1. No "-split" is set at either step.
head -1 reads.bed|intersectBed -a stdin -b ref.bed -s | coverageBed -a stdin -b ref.bed
then we get:
chr1 0 500 gene 0 + 0 500 0 3 100,100,100, 0,200,400, 1 20 500 0.0400000
read_a (number is 1) managed to be calculated, and the base coverage length is 20 nt as expected.
The same thing happens when we run :
head -2 reads.bed|intersectBed -a stdin -b ref.bed -s | coverageBed -a stdin -b ref.bed
chr1 0 500 gene 0 + 0 500 0 3 100,100,100, 0,200,400, 2 40 500 0.0800000
This means as long as the read is mapped within the gene, it will be calculated as expected.
2. intersectBED -split will ignore all the intron reads
Having run this command, we will get:
intersectBed -a reads.bed -b ref.bed -s
chr1 30 50 a 0 + 30 50 0 1 20, 30, chr1 110 130 b 0 + 110 130 0 1 20, 110, chr1 180 210 c 0 + 180 210 0 1 30, 180, chr1 110 230 d 0 + 110 230 0 2 20,10, 110,220, chr1 60 230 e 0 + 60 70 0 2 50,10, 60,220,
All the reads are included.
However, when we add -split:
intersectBed -a reads.bed -b ref.bed -s -split
chr1 30 50 a 0 + 30 50 0 1 20, 30, chr1 180 210 c 0 + 180 210 0 1 30, 180, chr1 110 230 d 0 + 110 230 0 2 20,10, 110,220, chr1 60 230 e 0 + 60 70 0 2 50,10, 60,220,
Only read_b which is mapped within intron is gone. Though read_d has 5' half located within intron, it still passes and gets calculated.

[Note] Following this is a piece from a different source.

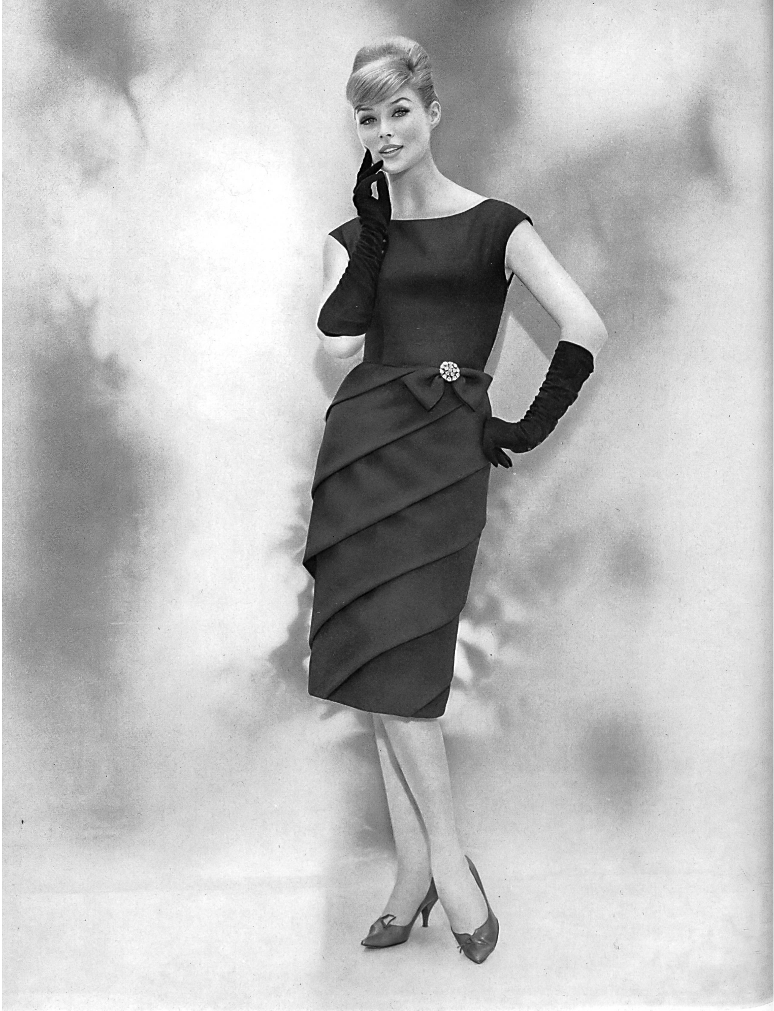
CUBEGA S.A., ZURICH « Cascade », Satin soie et laine / Silk and wool satin / Satén de seda y lana / Satin aus Seide und Wolle Modèle Eugen Braunschweig A.G., Zurich

3. coverageBED -split will calculate sub-region for spliced read, and will NOT ignore intron reads.
How about the next command coverage?
Having run as followd, then we will get the gene reads number.
intersectBed -a reads.bed -b ref.bed -s |coverageBed -a stdin -b ref.bed -s
chr1 0 500 gene 0 + 0 500 0 3 100,100,100, 0,200,400, 5 190 500 0.3800000
How to get 190? Let's check it step by step.

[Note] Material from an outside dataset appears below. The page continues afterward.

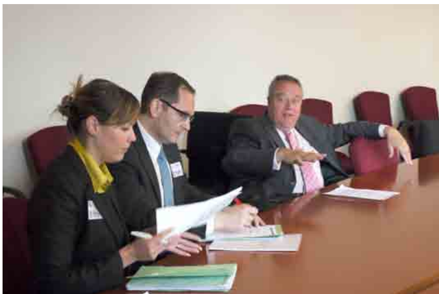
Stretnutie delegácie s členom Európskeho parlamentu Richardom Howittom (vpravo), ktorý je zodpovedný za agendu zodpovedného podnikania.

head -3 reads.bed |intersectBed -a stdin -b ref.bed -s |coverageBed -a stdin -b ref.bed -s
chr1 0 500 gene 0 + 0 500 0 3 100,100,100, 0,200,400, 3 70 500 0.1400000
Apparently, the read_a to read_c pass and get calculated. 30~50, 110~130, and 180~210 are used to calculate the base coverage.

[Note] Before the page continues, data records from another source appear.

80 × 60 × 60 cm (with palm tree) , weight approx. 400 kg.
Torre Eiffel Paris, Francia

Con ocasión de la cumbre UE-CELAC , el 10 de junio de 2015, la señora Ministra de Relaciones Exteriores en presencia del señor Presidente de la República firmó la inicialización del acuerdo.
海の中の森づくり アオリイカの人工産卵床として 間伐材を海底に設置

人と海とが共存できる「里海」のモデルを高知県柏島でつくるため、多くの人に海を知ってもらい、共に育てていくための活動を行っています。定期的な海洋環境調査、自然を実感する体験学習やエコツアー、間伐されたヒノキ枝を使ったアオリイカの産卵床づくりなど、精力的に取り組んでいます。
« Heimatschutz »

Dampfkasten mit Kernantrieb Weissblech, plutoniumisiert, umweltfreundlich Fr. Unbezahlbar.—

Try add read_d into the list.
head -4 reads.bed |intersectBed -a stdin -b ref.bed -s |coverageBed -a stdin -b ref.bed -s
chr1 0 500 gene 0 + 0 500 0 3 100,100,100, 0,200,400, 4 140 500 0.2800000
read_a to read_d pass. read_d has 2 blockes, one is 110~130 while the other is 220~230. Indeed, 110~230 will be included, but the repeat will not be calculated repeatedly. Thus, 30~50, 110~130, 130~180, 180~210, 210~-230, in sum, 140nt will be the anwser.
After adding -split.
awk '{if ($4 == "d") print $0}' reads.bed | intersectBed -a stdin -b ref.bed -s |coverageBed -a stdin -b ref.bed -s -split
chr1 0 500 gene 0 + 0 500 0 3 100,100,100, 0,200,400, 1 30 500 0.0600000
head -3 reads.bed |intersectBed -a stdin -b ref.bed -s |coverageBed -a stdin -b ref.bed -s -split chr1 0 500 gene 0 + 0 500 0 3 100,100,100, 0,200,400, 3 70 500 0.1400000
head -4 reads.bed |intersectBed -a stdin -b ref.bed -s |coverageBed -a stdin -b ref.bed -s -split chr1 0 500 gene 0 + 0 500 0 3 100,100,100, 0,200,400, 4 100 500 0.2000000
NOTE: Thus, coverageBED -split will calculate the repeated region 110~130 (within intron). Read_b is 110~130, and read_e 's 5'half is same.
This bug-like result probably is due to the 5'half of read_d will NOT be produced in the real RNA-seq experiments.
NOTE: intron repeat will calculated twice, but the exon repeat will NOT.
head -5 reads.bed |intersectBed -a stdin -b ref.bed -s |coverageBed -a stdin -b ref.bed -s -split chr1 0 500 gene 0 + 0 500 0 3 100,100,100, 0,200,400, 5 150 500 0.3000000
The 220~230 region is covered by read_d and read_e twice. if this region is calculated twice, the answer will be 160, but it is 150 because 220~230 is calculated only once.